Debate Continues over Distal Protection in MI Patients
AIMI trial results sobering; limitations may have influenced results.

Some lesions may be more amenable to distal protection than others, according to a speaker at the TCT meeting yesterday.

In a flash debate and discussion, three leaders in the field, David Antoniucci, MD, in the Department of Cardiology, Careggi Hospital, Florence, Italy, Joseph P. Carrozza, Jr, MD, of Beth Israel Deaconess Medical Center and Harvard Medical School, Boston, and Franz-Josef Neumann, MD, PhD, Arztlicher Director of Herz-Zentrum Bad Krozingen, discussed the pros and cons of distal protection in treating patients with acute myocardial infarction (MI).

The primary focus of the debate was on the AIMI trial results, which examined the use of the Angiojet device (Possis) in patients with acute MI.

These results were “sobering,” according to Carrozza. The primary endpoint of infarct size measured at one month was higher in patients treated with thrombectomy vs. controls (See Figure).

The AIMI trial randomized 480 patients with ST-elevation MI to principle percutaneous coronary intervention (PCI) or rheolytic thrombectomy followed by definitive PCI.

Angiographic myocardial blush post-PCI was the secondary endpoint, and some benefit was seen with respect to the blush grade.

There were no significant differences between the two groups in terms of “hard criteria” such as TIMI flow grade, Neumann said. He said this is similar to findings reported in other studies.

Differing viewpoints

Using the EMERALD trial as an example, Neumann said the distal protection device did not reduce infarct size or improve microvascular blood flow or event-free survival.

The problems with the EMERALD trial results, Antoniucci said, are flaws in the study design. He said that the absence of cardiogenic shock and the criteria for the use of the Guardwire in that trial may have influenced the results.

Antoniucci argued that occlusive antiembolic devices, filters and thrombectomy devices have intrinsic limitations that could result in incomplete protection, or even an increased risk of embolism, noting specifically that some stenting techniques have been associated with differing risks of embolism.

Antoniucci said that the higher incidence of baseline grade-3 TIMI flow in AIMI favored the control groups (19% with rheolytic thrombectomy vs. 27% control; P<.05)

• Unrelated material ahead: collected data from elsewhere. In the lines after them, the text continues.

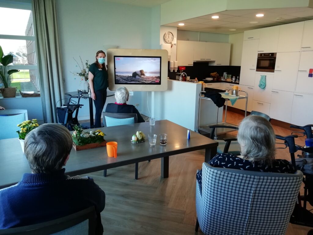 De Waadwente is sinds 2015 onderdeel van ZuidOostZorg. De kamers van de bewoners zijn gelegen rondom een aantal gezellige huiskamers waar er gezamenlijk gegeten wordt of activiteiten worden gedaan. De kantelbare BelevenisTafel neemt Nina moeiteloos mee van de ene naar de andere huiskamer. Nina: “In corona-tijd is het makkelijk je aan de basisregels te houden met de BelevenisTafel in de verticale stand. Ik bedien het scherm dan, terwijl de ouderen er vanaf een afstandje naar kijken. Zo kunnen we veilig werken.”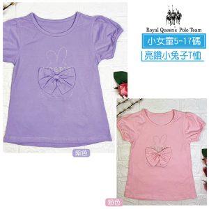 小女童 亮鑽小兔子蝴蝶結短袖圓領T恤 5-17碼 [A0225] RQ POLO 小童 春夏童裝 短袖上衣 荷葉袖 現貨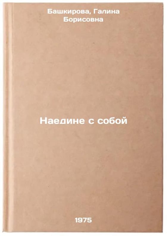 In Russian. Bashkirova, Galina Borisovna. Alone with yourself. Moscow: The Mol Guards, 1975. All images are for identification of editions only. Several books of the same edition may be available. Please feel free to request photos of available books. SKU6908761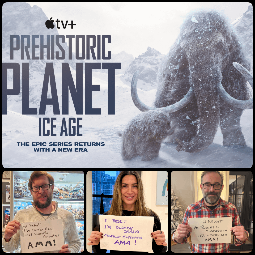 We are the team responsible for bringing the megafauna of Apple TV’s Prehistoric Planet: Ice Age to life. We're Russell Dodgson (Production VFX Supervisor), Dorothy Ballarini (Framestore Creature Supervisor) and Darren Naish (Lead Scientific Consultant). We're here to answer your questions.

He also pointed to the fact that seven out of nine randomized controlled trials have been positive for the use of various distal protection devices, including Angiojet, in patients with AMI. Carrozza and Neumann countered that those trials were smaller than the AIMI trial.

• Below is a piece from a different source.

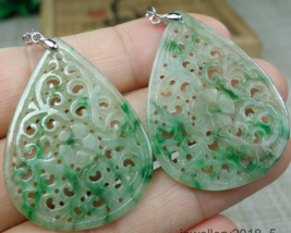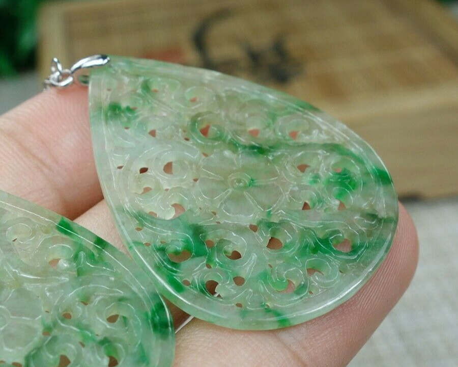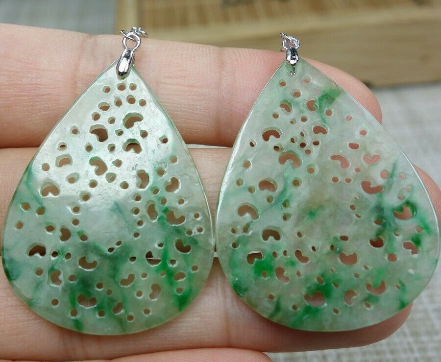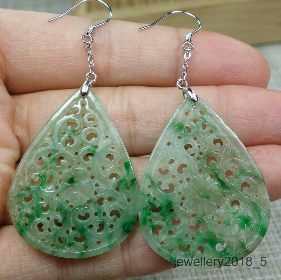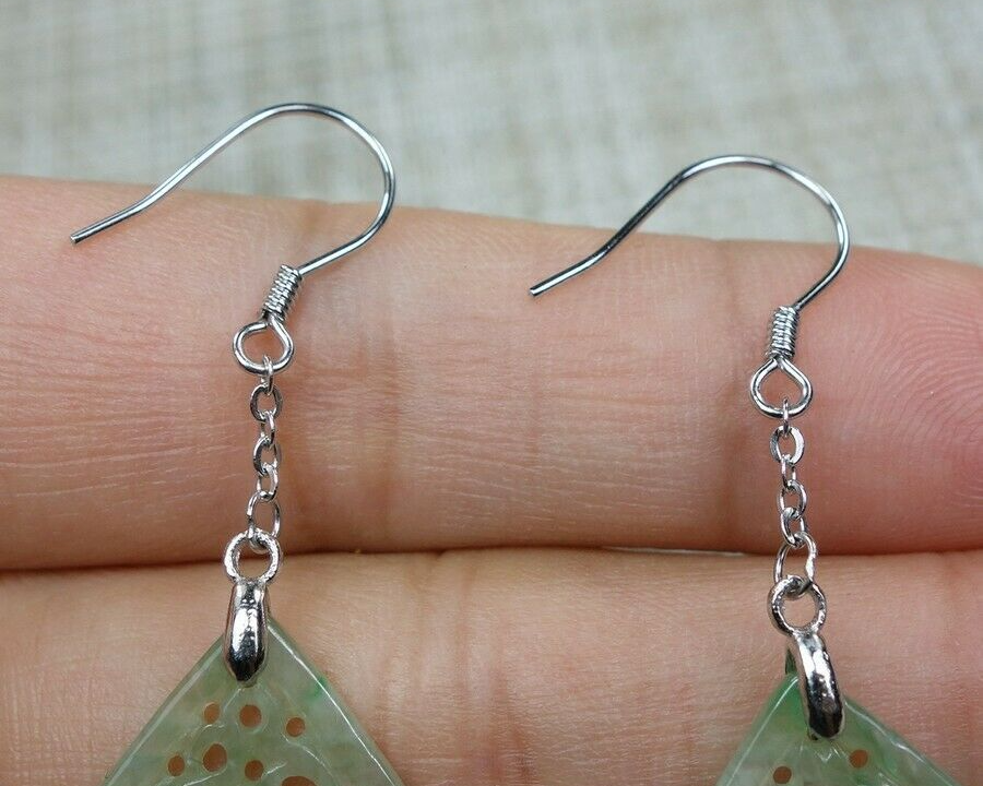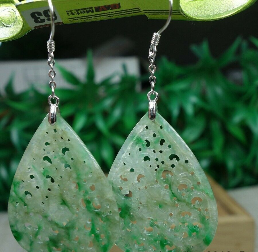 Certified Icy green 100% natural A jadeite jade Earring S925Silver 镂空雕花耳坠

Although it is true that thromboembolism and atheroembolism both occur after primary PCI, Carrozza said, and that both conditions are associated with adverse events, despite removal of thrombus and atheroma by embolic protection devices, it may not be accurate to deduce that removal of atheroma improves clinical outcomes. “There are no data for that,” Carrozza said.

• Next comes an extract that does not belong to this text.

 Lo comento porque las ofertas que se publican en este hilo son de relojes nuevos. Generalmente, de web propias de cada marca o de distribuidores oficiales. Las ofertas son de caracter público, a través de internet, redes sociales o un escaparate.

Summing up his part of the debate, Carrozza said, “there are little data supporting the clinical benefit of thrombectomy, thrombus aspiration and distal protection devices in acute myocardial infarction. If there is no benefit, there is no indication for routine use.”

Neumann echoed these sentiments, with the caveat that some lesions may be more amenable to distal protection than others.

He noted data from Mizote et al, which examined the Guardwire compared with usual care.

In that trial, consecutive patients with AMI who had been treated with distal protection and those who did not have distal protection were subdivided according to whether or not they had angioscopically defined ruptured plaque at the culprit lesion.

Researchers in the trial noted improvements in ST-segment resolution, myocardial blush grade, and left ventricular ejection fraction in patients with distal protection among patients with ruptured plaque. This suggests that preventing ruptured plaque in the first place could improve circulation, Neumann said.

Neumann said the jury is still out as to whether distal protection and thrombectomy in AMI can be fixed. The keys to the question might lie in better devices or techniques and in properly identifying the appropriate setting for distal protection.